***** Input records *****
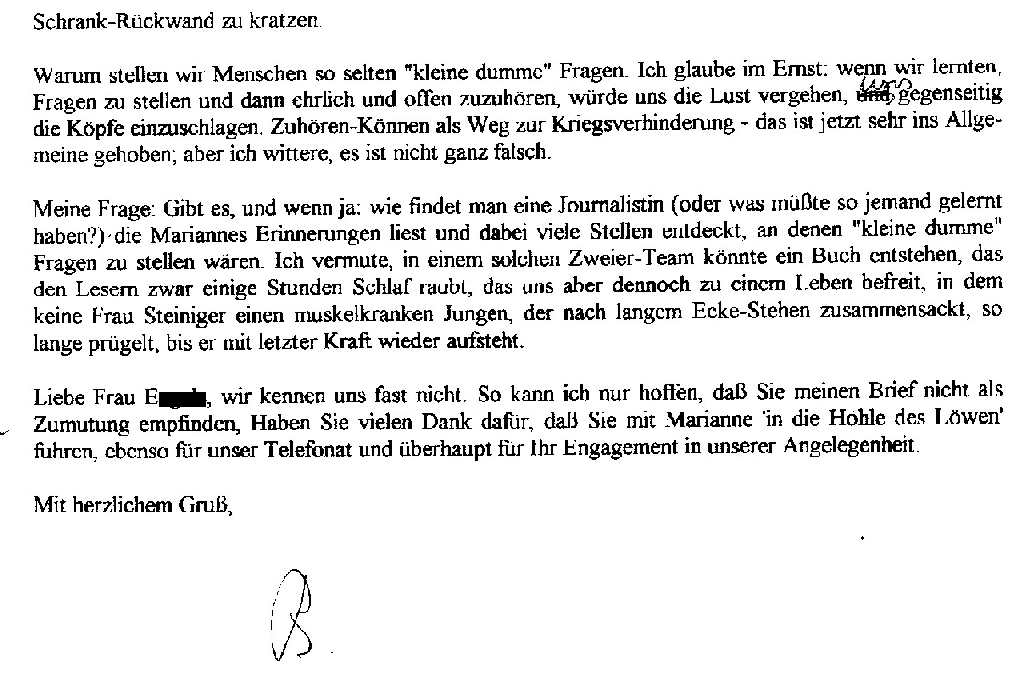 Gunst erkaufen können. Dieses Geld hat uns als Kinder ja gefehlt. ... Selbst wenn sich kein Verlag für ein Buch findet, wäre es überlegenswert, eine Homepage zu errichten, auf der über die „Hölle von
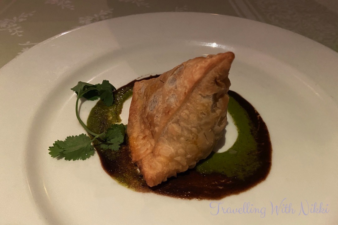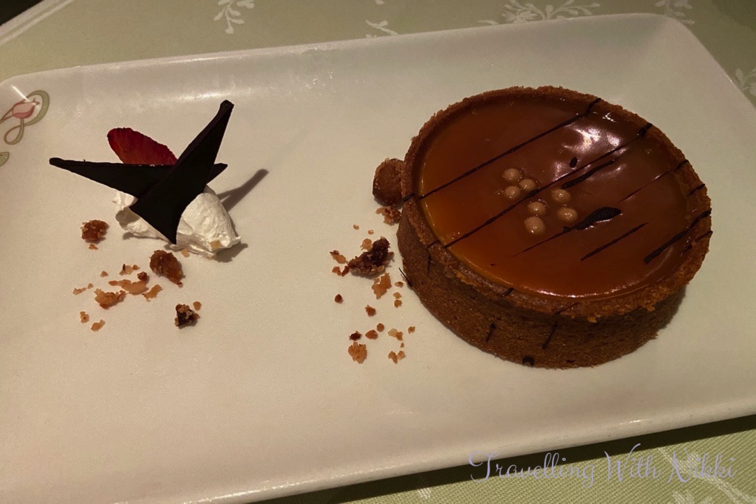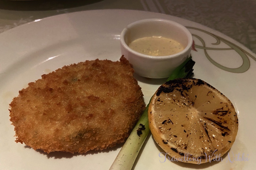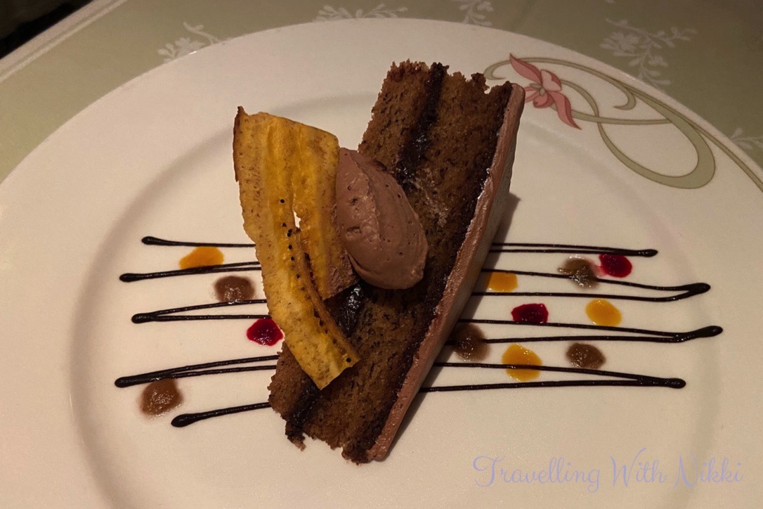 Following the ship’s successful return to Captain Mickey and his pirate crew, we headed down to Enchanted Garden on Deck 2 at 8:15pm for our dinner. As the Pirate Night menu onboard is not the best (although it is a lot better than it used to be) I had the Sri Sumbhajee’s Vegetable Samosa and the Deep Fried Calypso Crab Cake to start before having the amazing albeit incredibly sweet Caramel Macadamia Nut Cheesecake Tart (as well as the Bananas in Paradise to share) for dessert.
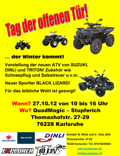 Die neuen Modelle von CF Moto, Dinli, Suzuki und Triton stehen im Mittelpunkt auf dem Tag der Offenen Tür bei QuadMagic in Karlsruhe, der am kommenden Samstag, den 27. Oktober 2012, stattfindet. Neben der Centhor von Dinli, der Defcon von Triton, dem KingQuad von Suzuki und der Terralander von Explorer wird auch Zubehör präsentiert, welches an diese Fahrzeugen angebaut werden kann; jetzt zum Winter hin werden natürlich vor allem Schneepflüge und Salzstreuer gezeigt. Doch auch der Spaß kommt nicht zu kurz: Nben der Ausrüstung für den winterlichen Räumdienst und weiterem Arbeitsgerät eröffnet die Sportlerin ‚Black Lizard‘ von Triton bereits Aussichten auf eisfreie Ausfahrten im kommenden Frühjahr, schließlich veranstaltet QuadMagic auch Ausfahrten und Touren.
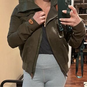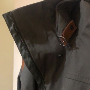 Hooded utility jacket by Lacoste. Good features a zipper to expand collar. Leather trim details at collar and cuffs. Excellent condition!
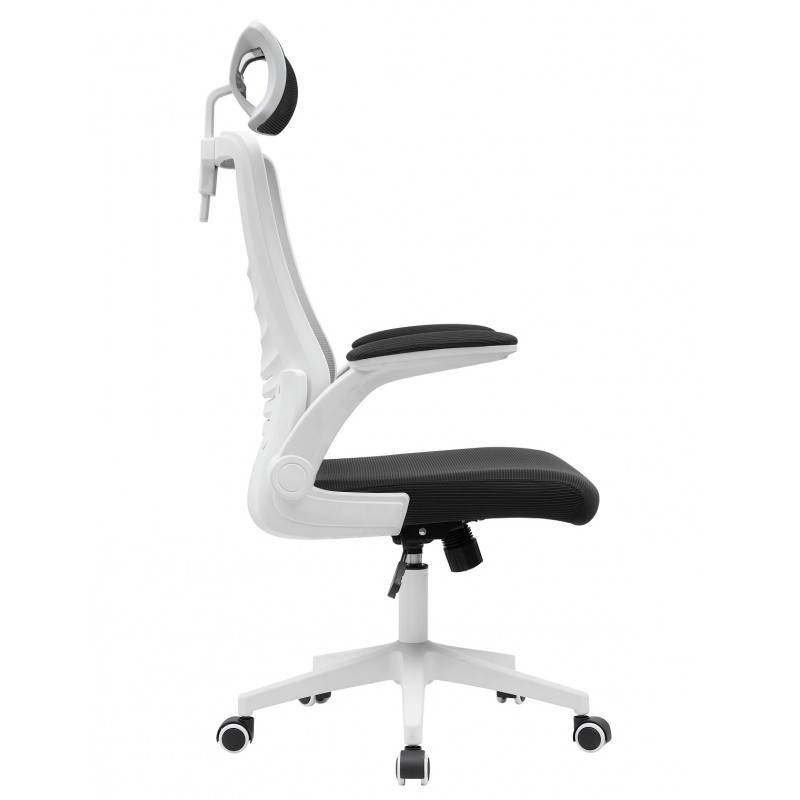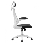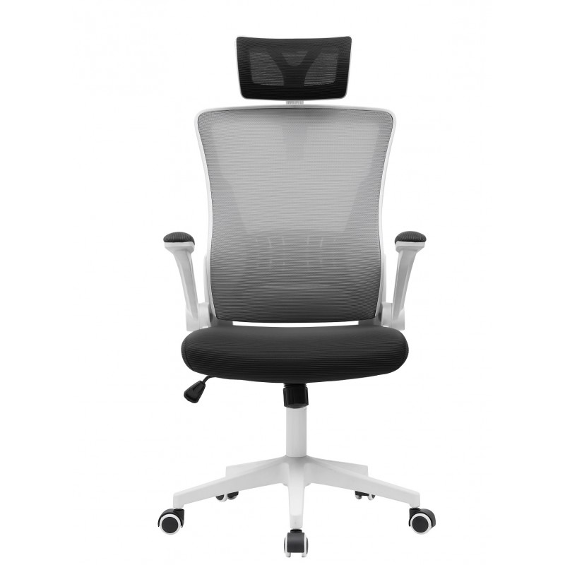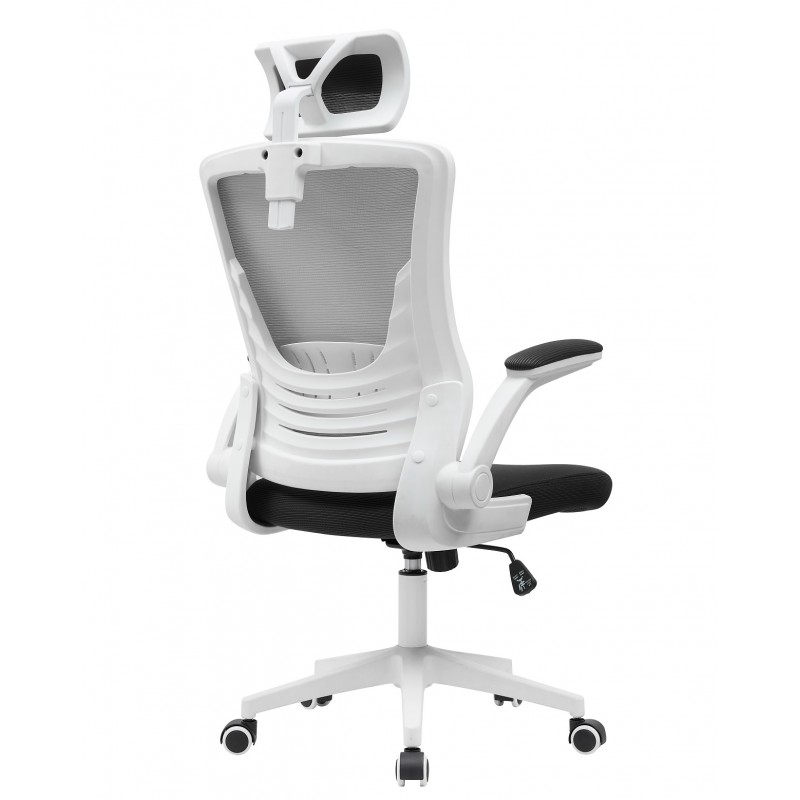 Sillón de oficina LAURO, alto, blanco, malla gris, asiento negro
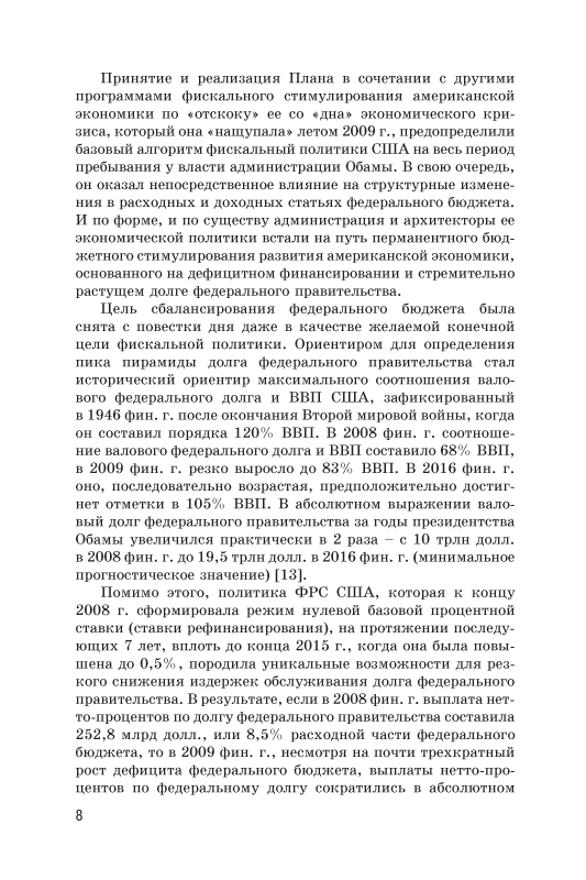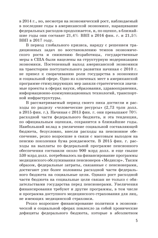 Период президентства Б. Обамы отмечен широкомасштабным использованием бюджетного механизма в государственном регулировании социально-экономических процессов. Выполнение бюджетных обязательств и реализация новых поставленных задач привели к росту государственного долга, остающегося в наследство новой администрации. В публикации рассмотрены ключевые направления бюджетного финансирования государственных мер в экономике и социальной сфере; особенности формирования доходной и расходной частей федерального бюджета, динамика государственного долга и выплачиваемых по нему процентов.
*****
Above are the records. Copy exactly, and only, the lines from the line containing "Hooded utility jacket" through the last one, omitting any pictures.

 Hooded utility jacket by Lacoste. Good features a zipper to expand collar. Leather trim details at collar and cuffs. Excellent condition!
 Sillón de oficina LAURO, alto, blanco, malla gris, asiento negro
 Период президентства Б. Обамы отмечен широкомасштабным использованием бюджетного механизма в государственном регулировании социально-экономических процессов. Выполнение бюджетных обязательств и реализация новых поставленных задач привели к росту государственного долга, остающегося в наследство новой администрации. В публикации рассмотрены ключевые направления бюджетного финансирования государственных мер в экономике и социальной сфере; особенности формирования доходной и расходной частей федерального бюджета, динамика государственного долга и выплачиваемых по нему процентов.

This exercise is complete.